B0: Blog post on data source

The aim of this assignment is to locate a data resource online that interests you and describe it. I have provided links to a number of resources here.

First, describe the characteristics of the data source.

Next, briefly discuss a couple of questions that could possibly be answered by analyzing the data. You may also discuss whether there is any potential to link the data source with another data source to answer further questions, and how that might be done.

What to turn in

First, you must set up a blog. One option is to sign up for one through Google Sites on your wellesley.edu Google account. Another is to sign up with a wordpress or blogspot account. Whatever you choose, please email me with the URL of your blog and the URL of the blog post so I can access it.

The word limit for the post is 500 words. Please feel free to embed images and links as you see fit.

How you will be graded

Here is the rubric I will be using to help me assess your writing in the blog post. I plan to use a similar rubric throughout the semester when assessing your writing, as a way to help give you consistent guidance on where you are doing well in the writing, and where you can improve.

Aspect Level 1 Level 2 Level 3 Level 4
Topic selection unsuitable or irrelevant suitable topic, but unclear connection to data suitable topic with connection to data novel topic
Motivation/rationale no clear rational or weak rationale some rationale presented, begins to motivate the selected topic provides and discusses a suitable motivation persuasive and creative motivation
Data description no description of data or variable types partial description of data; incomplete or incorrect discussion of variable types sufficient description of data and variable types with only minor errors error-free description of data and variable types
Discussion no discussion of potential analysis or linking to data sources limited discussion of potential analysis or linking to data sources either discussion of potential analysis or linking to data sources insightful discussion of potential analysis or linking to data sources
Grammar and spelling, usage significantly impairs readability frequent or serious errors some minor errors virtually no errors
Organization needs significant reorganization structure is of inconsistent quality, may have choppy transitions and/or redundancies or disconnections structure supports the argument, clearly ordered sections fit together well structure enhances the argument, strong sections and seamless flow
Clarity, style, readability gets in the way of reading for content beginning to be comfortable with appropriate conventions, but style is inconsistent or uneven effective prose style, follows relevant conventions, emergence of voice mastery of the genre, including elegant style, established voice

Portions of this rubric were based on a writing assessment rubric developed by Carol Trosset, Grinnel College.

Example post

The Chilling Effects clearinghouse offers an excellent source of data on online cease-and-desist notices. The goal of the site is to increase transparency of limitations of speech online. Most notices concern alleged copyright violations sent by rights holders to websites hosting the content. Anyone can submit reports to Chilling Effects, though most of the reports in the database appear to come from a few large websites including Google, Twitter and Wikipedia.

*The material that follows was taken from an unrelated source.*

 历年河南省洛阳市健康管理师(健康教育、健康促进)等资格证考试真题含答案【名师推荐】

I find the data source especially interesting in light of recent protests over the Stop Online Piracy Act (SOPA). SOPA would have allowed rights holders to block entire websites deemed to be dedicated to copyright infringement. The notices in the Chilling Effects database, by contrast, concern individual URLs on websites. This makes the notices more targeted, but it also means that many more notices are generated: the Chilling Effects database includes over 10,000 distinct notices!

Each record includes a mixture of structured and unstructured data. Here is a screenshot of some reports:

Chilling Effects Database

Each record includes a subject, sender, recipient, data and topic area. The sender, recipient and topic area are categorical variables. Grouping by sender, for instance, could uncover the most frequent complainants, or reveal differences in behavior across senders. Each notice also includes the date of submission, so there is great potential to construct a time series. In fact, because the data just includes records, one would need to construct appropriate numerical response variables. For instance, one could simply count the number of reports issued each month, and track whether the number is increasing or not.

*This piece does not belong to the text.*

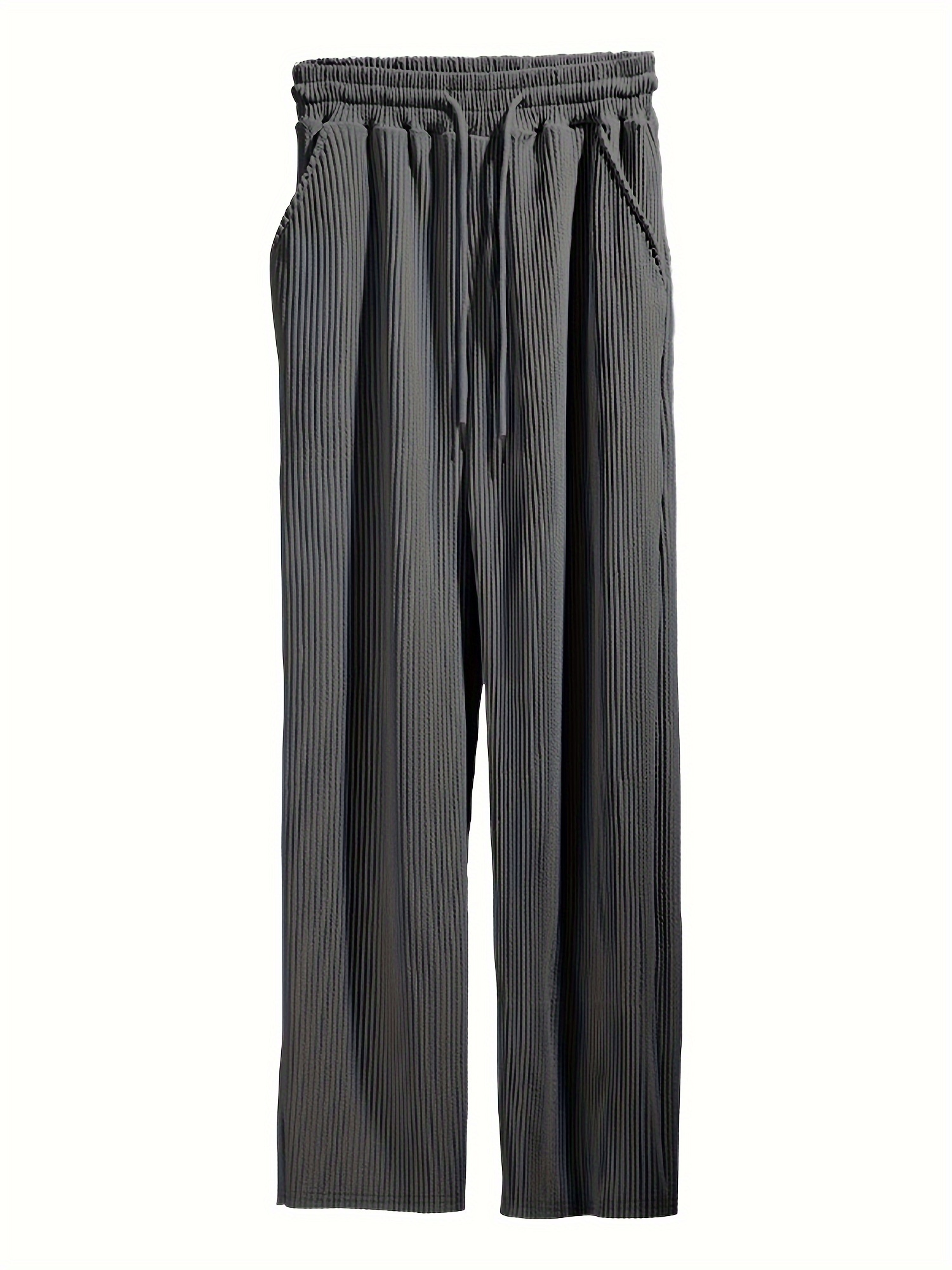 Men's Drawstring Pants Mid Waist Straight Leg Long Pants Casual Solid Color Ribbed Pants

There is also additional data available that could be extracted from the reports themselves. However, as presented, the reports are simply given in letter form. For example, here is a notice sent to Digg:

Chilling Effects Example Notice

These letters appear to follow a particular form, so it may be possible to extract additional information. In particular, the letters include the allegedly infringing URLs, which would be useful to know.

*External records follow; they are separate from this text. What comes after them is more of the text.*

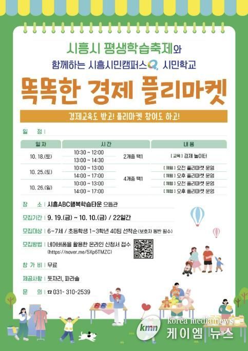 (케이엠뉴스) 시흥시는 제17회 시흥시평생학습축제(10월 24일~26일)와 연계해 어린이들의 경제활동 이해 증진과 가족 간 소통 강화를 위한 ‘똑똑한 경제 플리마켓’을 오는 10월 18일부터 시흥ABC행복학습타운 으뜸관에서 추진한다.
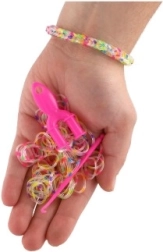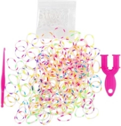 Tartalmazza a karkötők készítéséhez szükséges mindenet - 200 szivárványos gumi, horgoló és kapcsok.
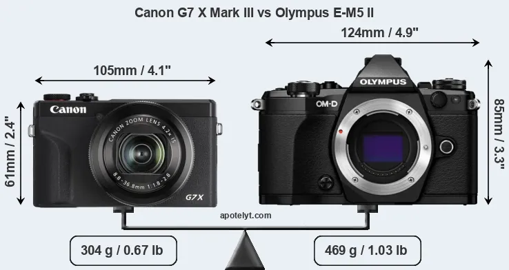 The side-by-side display below illustrates the physical size and weight of the Canon G7 X Mark III and the Olympus E-M5 II. The two cameras are presented according to their relative size. Three consecutive perspectives from the front, the top, and the back are available. All width, height and depth measures are rounded to the nearest millimeter.

Given such rich information, I can envision several interesting questions to investigate further. SOPA's proponents claim that a few persistent foreign websites carry out most infringing activities. One could test this theory by inspecting the websites of infringing URLs over time. Do the same websites appear repeatedly for a long time, or do the websites change frequently? Are the worst offenders actually hosted abroad? One could issue WHOIS requests on the domains appearing in notices to see the claimed country of origin. It would be really fun to inject some data-driven arguments into the debate over SOPA.